◆ Collected material:
-=-=-=-=-

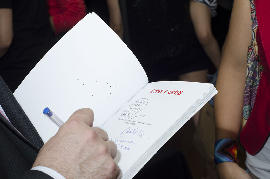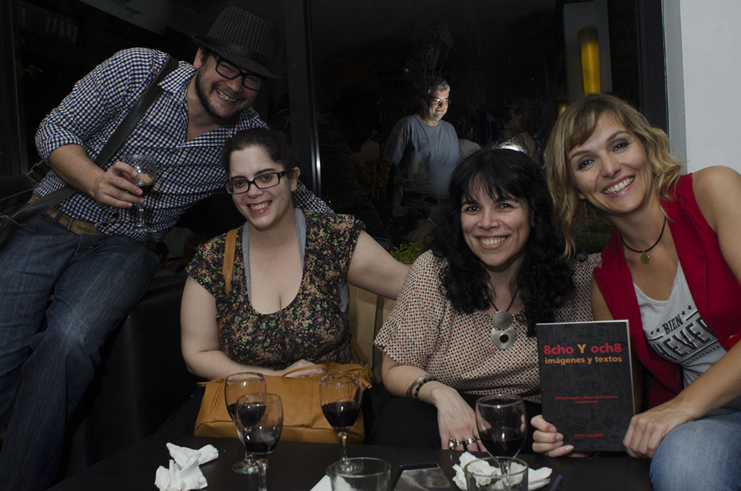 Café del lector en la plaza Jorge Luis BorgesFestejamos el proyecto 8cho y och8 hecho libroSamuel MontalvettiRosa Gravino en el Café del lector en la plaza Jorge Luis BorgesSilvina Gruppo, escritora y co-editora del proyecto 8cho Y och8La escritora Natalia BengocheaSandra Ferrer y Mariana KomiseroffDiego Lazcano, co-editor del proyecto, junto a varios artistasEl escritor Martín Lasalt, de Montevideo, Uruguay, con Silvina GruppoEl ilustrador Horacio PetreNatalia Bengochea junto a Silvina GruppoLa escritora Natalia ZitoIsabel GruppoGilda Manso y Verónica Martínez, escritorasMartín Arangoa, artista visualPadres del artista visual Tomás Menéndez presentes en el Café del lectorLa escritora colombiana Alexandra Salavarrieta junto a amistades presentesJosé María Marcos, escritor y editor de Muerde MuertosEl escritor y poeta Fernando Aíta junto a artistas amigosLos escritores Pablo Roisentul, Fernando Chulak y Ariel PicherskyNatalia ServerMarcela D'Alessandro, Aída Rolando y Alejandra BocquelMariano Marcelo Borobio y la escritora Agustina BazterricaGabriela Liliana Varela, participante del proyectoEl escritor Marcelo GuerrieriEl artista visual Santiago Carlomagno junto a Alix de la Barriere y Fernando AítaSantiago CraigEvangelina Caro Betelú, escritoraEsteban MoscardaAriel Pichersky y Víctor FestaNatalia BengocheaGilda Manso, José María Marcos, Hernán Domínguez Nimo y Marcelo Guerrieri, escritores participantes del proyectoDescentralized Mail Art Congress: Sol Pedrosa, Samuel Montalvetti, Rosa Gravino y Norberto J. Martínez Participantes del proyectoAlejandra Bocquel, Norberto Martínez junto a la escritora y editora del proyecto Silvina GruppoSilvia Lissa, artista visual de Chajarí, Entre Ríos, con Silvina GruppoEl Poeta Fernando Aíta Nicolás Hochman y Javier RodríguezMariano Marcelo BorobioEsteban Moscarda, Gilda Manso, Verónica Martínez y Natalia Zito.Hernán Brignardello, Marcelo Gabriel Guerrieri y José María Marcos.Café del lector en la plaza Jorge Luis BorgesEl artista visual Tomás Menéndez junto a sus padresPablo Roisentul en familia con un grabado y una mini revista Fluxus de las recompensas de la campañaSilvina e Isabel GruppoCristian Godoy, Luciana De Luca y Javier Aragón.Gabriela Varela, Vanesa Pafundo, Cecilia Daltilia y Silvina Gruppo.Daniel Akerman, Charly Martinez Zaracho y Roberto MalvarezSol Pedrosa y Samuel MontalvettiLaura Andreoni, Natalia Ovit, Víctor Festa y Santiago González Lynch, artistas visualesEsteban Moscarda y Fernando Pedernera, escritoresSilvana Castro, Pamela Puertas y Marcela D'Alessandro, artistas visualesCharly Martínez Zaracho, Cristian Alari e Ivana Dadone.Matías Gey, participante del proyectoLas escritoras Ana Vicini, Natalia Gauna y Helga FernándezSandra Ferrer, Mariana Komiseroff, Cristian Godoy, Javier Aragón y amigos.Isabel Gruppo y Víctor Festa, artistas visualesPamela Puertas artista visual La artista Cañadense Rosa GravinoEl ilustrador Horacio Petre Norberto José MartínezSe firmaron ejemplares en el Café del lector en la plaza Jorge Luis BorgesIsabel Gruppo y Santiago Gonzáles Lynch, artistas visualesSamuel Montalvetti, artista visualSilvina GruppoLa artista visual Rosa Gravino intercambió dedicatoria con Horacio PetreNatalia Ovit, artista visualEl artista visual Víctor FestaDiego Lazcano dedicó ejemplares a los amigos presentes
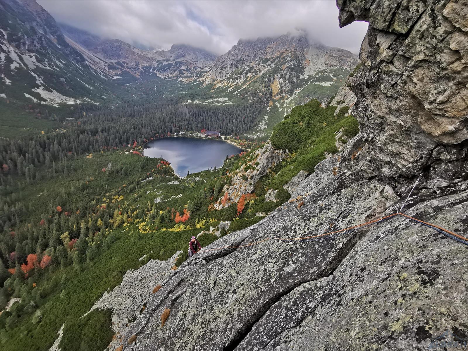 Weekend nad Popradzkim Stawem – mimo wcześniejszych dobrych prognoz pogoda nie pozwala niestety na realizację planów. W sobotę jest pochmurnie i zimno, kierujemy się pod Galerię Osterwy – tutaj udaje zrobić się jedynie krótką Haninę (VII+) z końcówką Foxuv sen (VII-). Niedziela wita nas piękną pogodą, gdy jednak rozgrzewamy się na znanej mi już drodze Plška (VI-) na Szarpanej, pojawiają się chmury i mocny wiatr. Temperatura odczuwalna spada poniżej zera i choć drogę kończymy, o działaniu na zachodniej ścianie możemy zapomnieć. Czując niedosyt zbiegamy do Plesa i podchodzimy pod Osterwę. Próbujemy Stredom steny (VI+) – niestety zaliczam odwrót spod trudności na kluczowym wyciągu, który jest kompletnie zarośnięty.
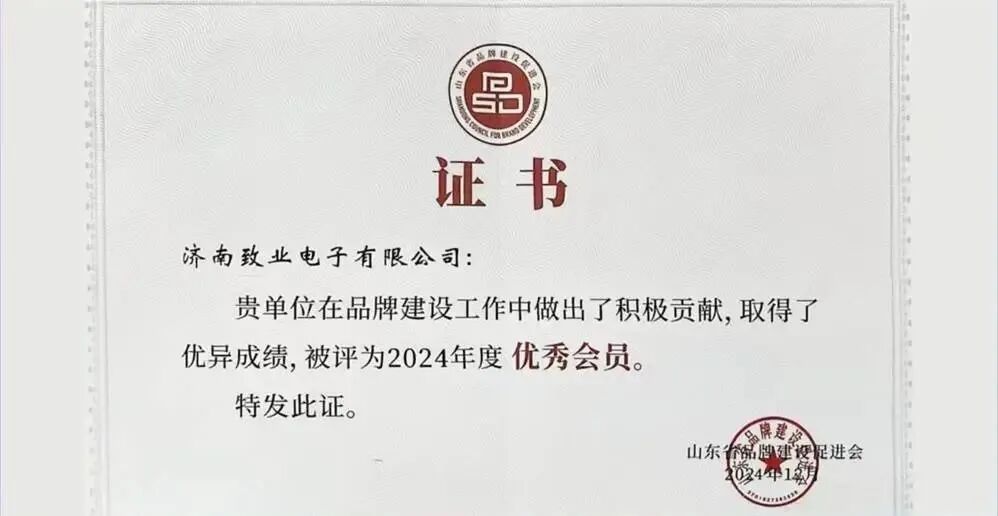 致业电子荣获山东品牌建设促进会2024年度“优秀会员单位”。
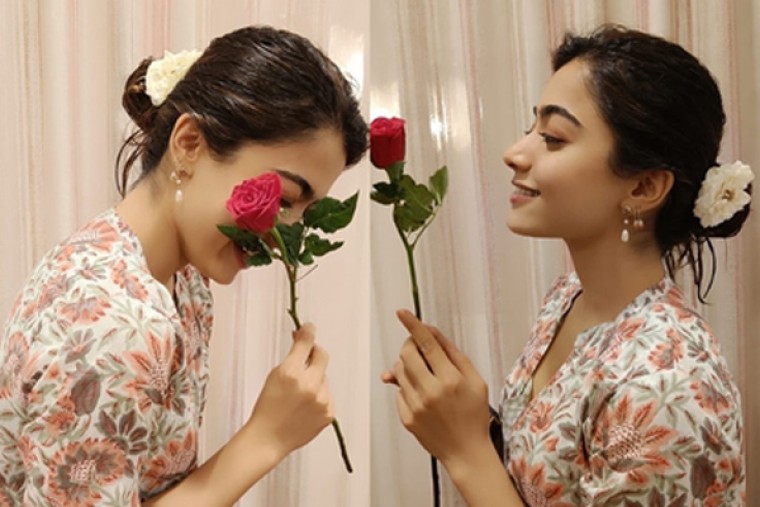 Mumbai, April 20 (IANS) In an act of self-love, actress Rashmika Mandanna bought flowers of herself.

-=-=-=-=-

◆ Task directions: Return the data exactly. Do not carry over any images.

◆ Your response:
 Café del lector en la plaza Jorge Luis BorgesFestejamos el proyecto 8cho y och8 hecho libroSamuel MontalvettiRosa Gravino en el Café del lector en la plaza Jorge Luis BorgesSilvina Gruppo, escritora y co-editora del proyecto 8cho Y och8La escritora Natalia BengocheaSandra Ferrer y Mariana KomiseroffDiego Lazcano, co-editor del proyecto, junto a varios artistasEl escritor Martín Lasalt, de Montevideo, Uruguay, con Silvina GruppoEl ilustrador Horacio PetreNatalia Bengochea junto a Silvina GruppoLa escritora Natalia ZitoIsabel GruppoGilda Manso y Verónica Martínez, escritorasMartín Arangoa, artista visualPadres del artista visual Tomás Menéndez presentes en el Café del lectorLa escritora colombiana Alexandra Salavarrieta junto a amistades presentesJosé María Marcos, escritor y editor de Muerde MuertosEl escritor y poeta Fernando Aíta junto a artistas amigosLos escritores Pablo Roisentul, Fernando Chulak y Ariel PicherskyNatalia ServerMarcela D'Alessandro, Aída Rolando y Alejandra BocquelMariano Marcelo Borobio y la escritora Agustina BazterricaGabriela Liliana Varela, participante del proyectoEl escritor Marcelo GuerrieriEl artista visual Santiago Carlomagno junto a Alix de la Barriere y Fernando AítaSantiago CraigEvangelina Caro Betelú, escritoraEsteban MoscardaAriel Pichersky y Víctor FestaNatalia BengocheaGilda Manso, José María Marcos, Hernán Domínguez Nimo y Marcelo Guerrieri, escritores participantes del proyectoDescentralized Mail Art Congress: Sol Pedrosa, Samuel Montalvetti, Rosa Gravino y Norberto J. Martínez Participantes del proyectoAlejandra Bocquel, Norberto Martínez junto a la escritora y editora del proyecto Silvina GruppoSilvia Lissa, artista visual de Chajarí, Entre Ríos, con Silvina GruppoEl Poeta Fernando Aíta Nicolás Hochman y Javier RodríguezMariano Marcelo BorobioEsteban Moscarda, Gilda Manso, Verónica Martínez y Natalia Zito.Hernán Brignardello, Marcelo Gabriel Guerrieri y José María Marcos.Café del lector en la plaza Jorge Luis BorgesEl artista visual Tomás Menéndez junto a sus padresPablo Roisentul en familia con un grabado y una mini revista Fluxus de las recompensas de la campañaSilvina e Isabel GruppoCristian Godoy, Luciana De Luca y Javier Aragón.Gabriela Varela, Vanesa Pafundo, Cecilia Daltilia y Silvina Gruppo.Daniel Akerman, Charly Martinez Zaracho y Roberto MalvarezSol Pedrosa y Samuel MontalvettiLaura Andreoni, Natalia Ovit, Víctor Festa y Santiago González Lynch, artistas visualesEsteban Moscarda y Fernando Pedernera, escritoresSilvana Castro, Pamela Puertas y Marcela D'Alessandro, artistas visualesCharly Martínez Zaracho, Cristian Alari e Ivana Dadone.Matías Gey, participante del proyectoLas escritoras Ana Vicini, Natalia Gauna y Helga FernándezSandra Ferrer, Mariana Komiseroff, Cristian Godoy, Javier Aragón y amigos.Isabel Gruppo y Víctor Festa, artistas visualesPamela Puertas artista visual La artista Cañadense Rosa GravinoEl ilustrador Horacio Petre Norberto José MartínezSe firmaron ejemplares en el Café del lector en la plaza Jorge Luis BorgesIsabel Gruppo y Santiago Gonzáles Lynch, artistas visualesSamuel Montalvetti, artista visualSilvina GruppoLa artista visual Rosa Gravino intercambió dedicatoria con Horacio PetreNatalia Ovit, artista visualEl artista visual Víctor FestaDiego Lazcano dedicó ejemplares a los amigos presentes
 Weekend nad Popradzkim Stawem – mimo wcześniejszych dobrych prognoz pogoda nie pozwala niestety na realizację planów. W sobotę jest pochmurnie i zimno, kierujemy się pod Galerię Osterwy – tutaj udaje zrobić się jedynie krótką Haninę (VII+) z końcówką Foxuv sen (VII-). Niedziela wita nas piękną pogodą, gdy jednak rozgrzewamy się na znanej mi już drodze Plška (VI-) na Szarpanej, pojawiają się chmury i mocny wiatr. Temperatura odczuwalna spada poniżej zera i choć drogę kończymy, o działaniu na zachodniej ścianie możemy zapomnieć. Czując niedosyt zbiegamy do Plesa i podchodzimy pod Osterwę. Próbujemy Stredom steny (VI+) – niestety zaliczam odwrót spod trudności na kluczowym wyciągu, który jest kompletnie zarośnięty.
 致业电子荣获山东品牌建设促进会2024年度“优秀会员单位”。
 Mumbai, April 20 (IANS) In an act of self-love, actress Rashmika Mandanna bought flowers of herself.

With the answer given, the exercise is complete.